QUALIFIED OPPORTUNITY ZONES

What are they?

Congress created the federal Qualified Opportunity Zone (“QOZ”) program in the 2017 “Tax Cuts and Jobs Act” to encourage economic growth in underserved communities through tax benefits to investors. U.S. states and territories, including Washington, DC, nominated areas (by census tract) to be designated as QOZs in 2018, and the IRS and Treasury finalized the designations that year. This program presents opportunities for real estate investment and development in distressed communities.

How does the program work?

Forming an Opportunity Fund:

Investments in QOZs must be made via an Opportunity Fund (“O Fund”) to qualify for tax benefits. There are  no statutory limits on who may form an O Fund, but there are other requirements:

  • May be a partnership or corporation organized for the purpose of investing in QOZ property;
  • Must hold at least 90% of its assets in QOZ property, which can be stock, partnership interests and/or other tangible property used in a trade or business, (e.g. real estate), within a QOZ; and
  • Must be certified according to IRS and Treasury regulations.

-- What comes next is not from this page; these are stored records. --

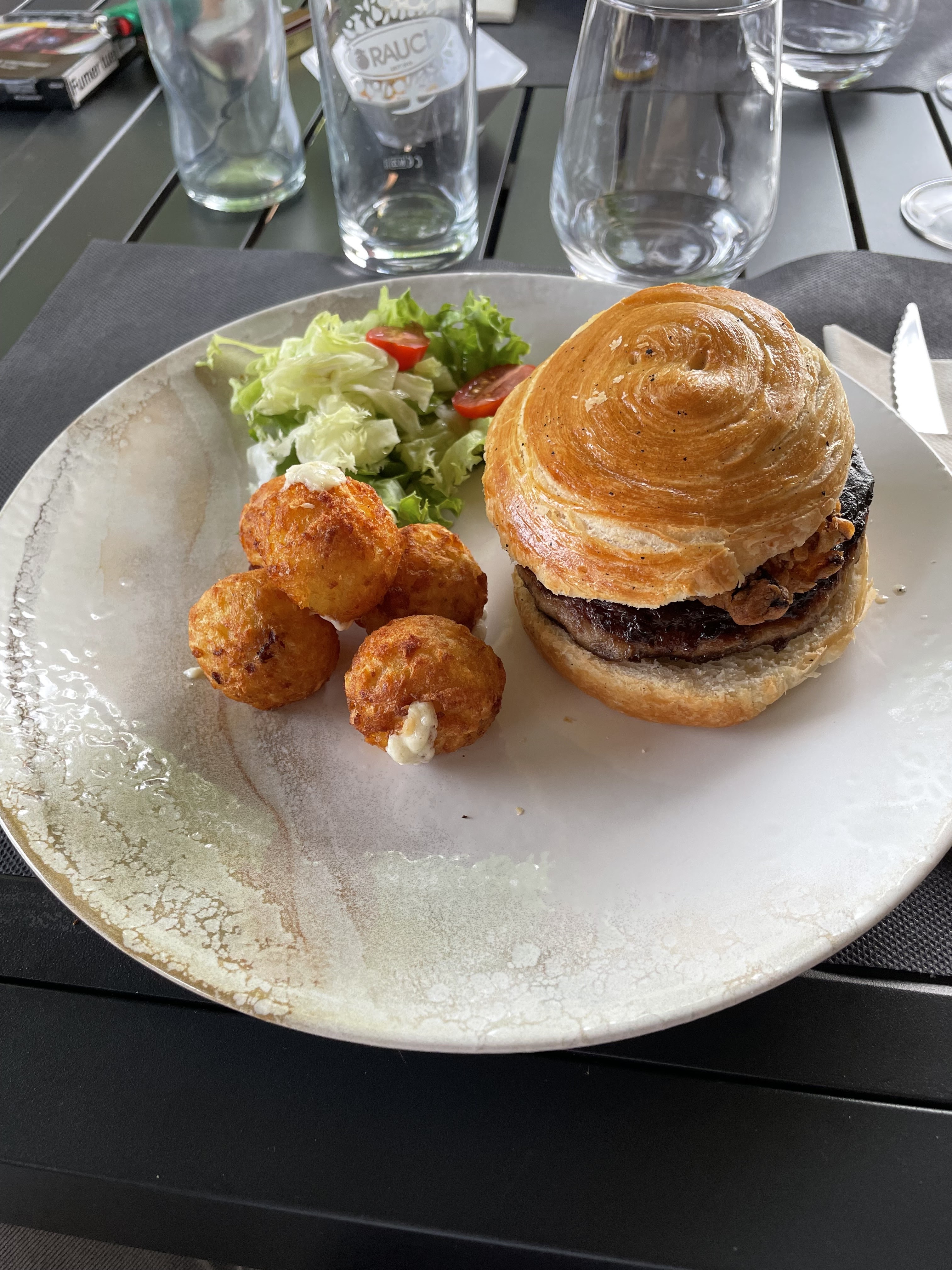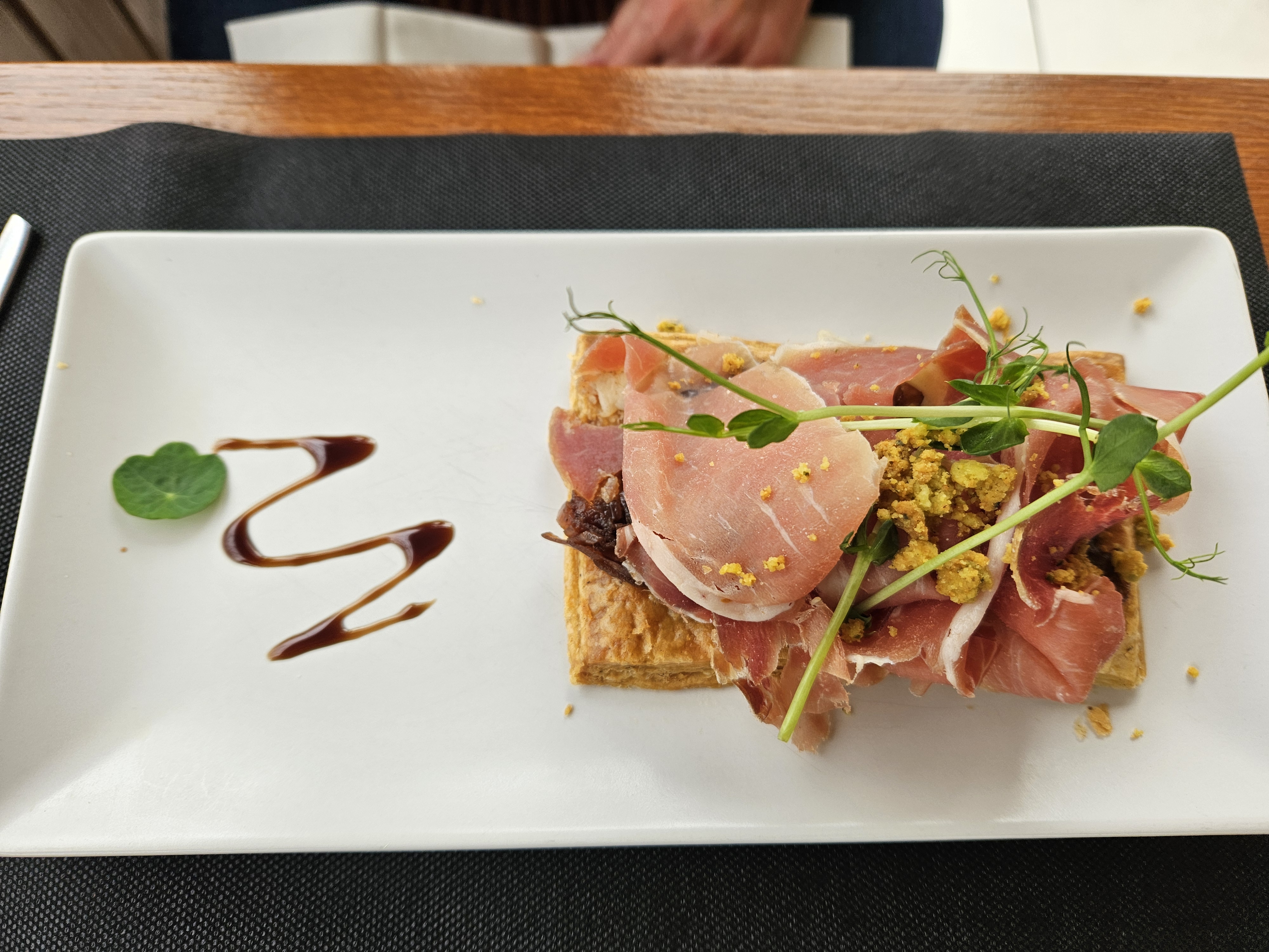 Très bien situé pour se garer avec des motos. Repas du samedi soir servi dehors sur la terrasse couverte. Le service top. La pauvre serveuse a dû faire la distance d’un marathon avec les aller et retour entre la cuisine et les tables. Mais toujours avec le sourire. Les plats sont succulents. Bref à refaire si on repasse dans le coin.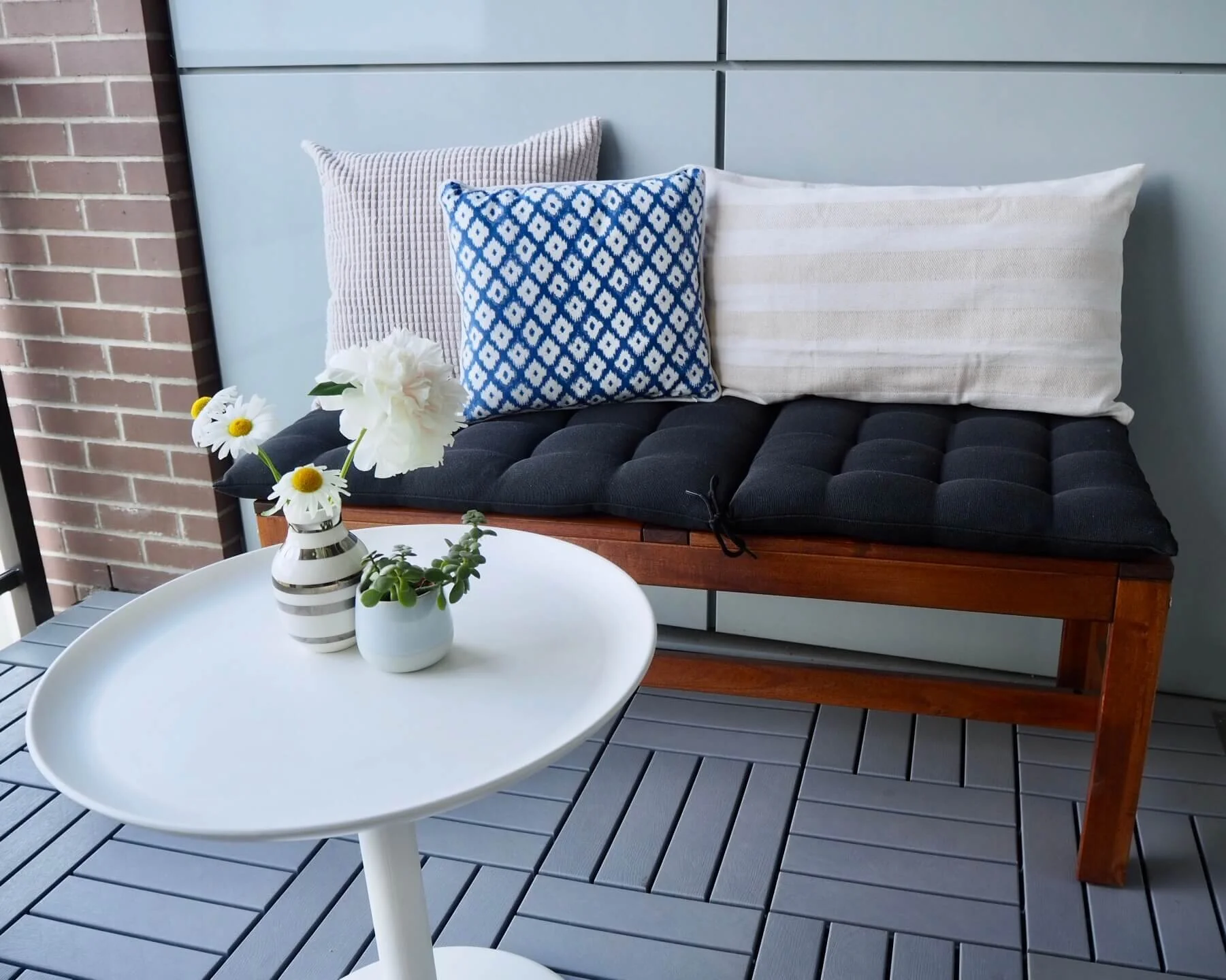 バルコニーのベンチにクッションを並べてみるとこんな感じに。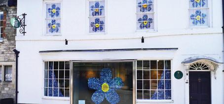 Also for Dementia Action Week, the Museum of East Dorset covered all its windows with forget-menots, over 9,000 individually knitted and crocheted, large and small, mounted together as collages and flowing shawls. Forget-me-nots were produced by people from as far away as Glasgow and Lancashire. The initiative came from MED volunteer Sally Palmer who helps with the innovative Reminiscence outreach project, whereby evocative museum artefacts and exhibits are used to stimulate memories for elderly people and especially those living with dementia. For more detail about the project and the dementia-friendly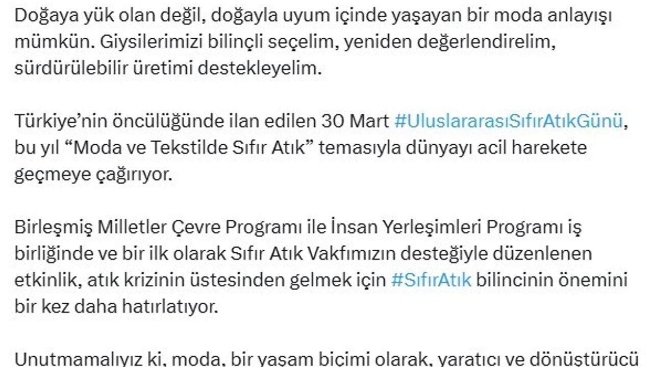 "Türkiye’nin öncülüğünde ilan edilen 30 Mart Uluslararası Sıfır Atık Günü, bu yıl ’Moda ve Tekstilde Sıfır Atık’ temasıyla dünyayı acil harekete geçmeye çağırıyor. Birleşmiş Milletler Çevre Programı ile İnsan Yerleşimleri Programı işbirliğinde ve bir ilk olarak Sıfır Atık Vakfımızın desteğiyle düzenlenen etkinlik, atık krizinin üstesinden gelmek için sıfır atık bilincinin önemini bir kez daha hatırlatıyor. Unutmamalıyız ki moda, bir yaşam biçimi olarak özgün ve dönüştürücü ruhuyla çözümün kalbinde yer alıyor."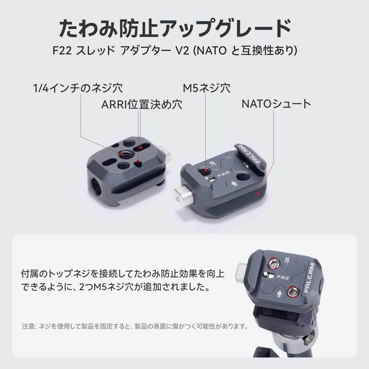 【回転ズレ防止】x4専用F22シリーズのクイックリリースキットに設計された滑り止め位置決めプレート。新しい緩みを最大限に抑える位置決めポストを装備し、より安定したカメラ搭載が可能になりました。固定ネジのスライド溝が切削されていてスムーズに動き、ネジが緩んで落ち込み防止ワッシャーあります。

Proposed rules released by the Treasury Department in October 2018 state that O Funds will be able to self-certify via a form on their federal tax returns (Form 8996), which is also how they will certify that they fulfill the “90% asset” requirement.  

Investments in O Funds may be capital gains from a previous sale made within 180 days (see below for more information on the tax benefits), and/or non-gain funds.  In the case that both gains and non-gains funds are invested, they are treated as separate investments and receive different tax treatments by the federal government.

Fulfilling the “90% Assets” Requirement:

Under the Treasury’s proposed rules, this will rely on the asset values reported on the O Fund’s applicable financial statements for that year.

There is a “working capital safe harbor” for O Fund investments in QOZ businesses that acquire, construct, or rehabilitate tangible business property, including real property and other tangible property used in a business operating in a QOZ.  Cash and cash equivalents qualify as business property for at least 30 months after new capital is raised.  

QOZ Business Property Requirements:

The statute requires that QOZ business property, after being acquired by an O Fund, either be new or be substantially improved, which means investing at least as much on the improvement as was paid for the used asset. The proposed rules provide that the basis of the land need not be counted for purposes of determining whether real property has been substantially improved, thus significantly reducing the required investment amounts.

The Treasury is seeking comments on how to define “original use” for purposes of QOZ business property, especially for property that is abandoned, vacant, or portable.

In addition, QOZ business property must be “substantially all” in a QOZ.  The proposed rules state that this requirement will be met if 70% or more of the property is in a QOZ.

What are the tax benefits?

Investors in QOZs can receive both deferral on capital gains taxes on investments the profit of which is rolled over into an O Fund (within 180 days of the sale to an unrelated party) as well as an exclusion from tax of up to 15% of those gains.  Plus, full exclusion of those gains earned by deferred-gains investments within the O Fund is available. Here is how it works:

For capital gains reinvested into an O Fund:

  • Temporary deferral (up to nine years) of capital gains reinvested in an O Fund;
  • A 10% reduction in tax on the gain if the investor holds interest in the O Fund for five years;
  • An additional 5% reduction in tax if the interest in the O Fund is held for seven years.

For future capital gains on investments accrued while in an O Fund:

  • If held for at least 10 years, gains realized on investments made in connection with a deferral election (capital gains invested into an O Fund on which tax is deferred) are excluded from tax.
  • Gains made in connection with investments that were non-gains funds initially are not eligible for this benefit.

What are the state law concerns?

States may attract more investment in QOZs by conforming state tax laws to the federal laws regarding capital gains. They can offer additional incentives by relieving the investor from paying the state capital gains rates on income earned from QOZ investments. States will likely be reviewing their tax codes in response to the federal changes. Visit our page on realtorparty.realtor(link is external) for more information on the states’ capital gains rates.

What’s next?

Proposed regulations for the QOZ program were released by the Treasury in October 2018 for review and comment by the public, and the IRS will hold a public hearing on the issue on January 10, 2019. Further rulemaking is expected to address other aspects of the program.  NAR is closely monitoring this, and will provide feedback on those proposed regulations to ensure the program is successful. 

ADDITIONAL RESOURCES

Vermont Resources

Vermont’s Agency of Commerce and Community Development works with Vermont communities to take full advantage of the Qualified Opportunity Zones program. The agency provides workshops, FAQs, resources, and maps for QOZs.